For this, you can directly use awk:

awk -v OFS=":" '/pattern/ {print FILENAME, NR;  print}' files*

FILENAME stands for the file you are reading.
NR stands for the line number.
OFS stands for Output Field Separator, so that when you say print a, b the separator is :.

And to remove the leading or trailing spaces, you can use gsub(/(^ *| *$)/,""), so that all together it looks like:

awk -v OFS=":" '/and/ {print FILENAME, NR;  gsub(/(^ *| *$)/,""); print}' files*

See an example:

$ tail a b
==> a <==
hello
this is some test
         and i am done now

==> b <==
and here i am
done

Now let's try to match lines containing "and":

$ awk -v OFS=":" '/and/ {print FILENAME, NR;  gsub(/(^ *| *$)/,""); print}' a b
a:3
and i am done now
b:4
and here i am

edited Nov 27 '15 at 19:20

answered Nov 27 '15 at 19:14

fedorqui

275,237
103
548
598

1

Just totally misread the question, and thought you had misread it instead. Sorry! – miken32 Nov 27 '15 at 19:35
1

The only issue with this solution is that the original was colouring the output, and this does not. Otherwise, it is a fine solution. I'm not sure if a `grep --color=always -B1 grape` (or whatever word is being searched for — 'and' in the answer) as a post-processor would fix things appropriately. Possibly not; `grep` tends to put separators out between blocks of text. (For example, `printf "%s\n" a b c b d b" | grep -B1 --color=always b` outputs lines containing just `--` (two dashes). I suppose a post-post-processor: `grep -v '^--$'` would deal with that, but it is getting a bit icky.) – Jonathan Leffler Nov 27 '15 at 22:33
@JonathanLeffler for such cases, there is the magic `--no-group-separator` option that prevents having those `--` in between matches. So yes, your suggestion is great! `my solution | grep --no-group-separator --color=always -B1 grape` should make it. – fedorqui Nov 27 '15 at 22:39
I prefer how your answer handles the leading whitespace trimming before adding the color escape sequences (if piping to grep as @JonathanLeffler suggests). If I was wrapping this up in a bash function as I did below, what would you suggest to keep awk from processing subdirectories thinking they are files? I can specify only files by piping find into awk, but that would create the double piping you pointed out was not ideal in my solution. Good learning experience, thanks. – user1764386 Nov 30 '15 at 21:28
@user1764386 that's a very good question and I don't have a solution for it right now. You may say `awk '...' *` and awk will show some errors when matching a directory, so you can redirect them to stderr with `awk '...' * 2>/dev/null`. – fedorqui Dec 01 '15 at 10:08
@user1764386 so I just asked a question about this: [How to skip a directory in awk?](http://stackoverflow.com/q/34018063/1983854) – fedorqui Dec 01 '15 at 10:28

user1764386 · Accepted Answer · 2015-11-28T23:54:41.163

I ended up using a combination of grep, awk, and sed to solve my problem and produce the desired output format. I wanted to keep the coloured output that grep provides when the "--color=always" option is used, which initially steered me away from using awk to perform the file contents matching.

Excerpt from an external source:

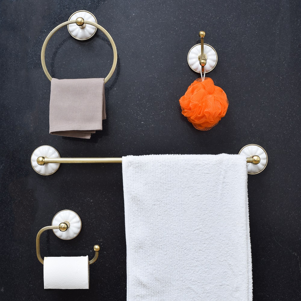 The classic blend of golden brass and ceramic makes this towel hanger perfect for both modern and traditional bathroom designs. Its timeless look will seamlessly integrate into your existing decor, creating an elegant and functional space.
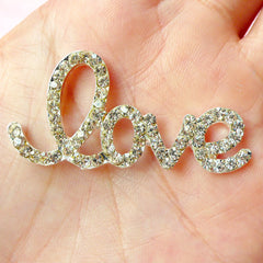 Love Metal Cabochon (Silver w/ Clear Rhinestones) (4...

The tricky bit was that the coloured grep output was producing the color codes in unexpected locations. It was therefore not possible to trim the leading whitespace from a line that in fact began with a colour code. The second tricky part was that I needed to ensure that matched strings containing the awk file separator (":" in my case) we reproduced properly.

I made the following bash wrapper function finds() in order to recursively search file contents in a directory quickly.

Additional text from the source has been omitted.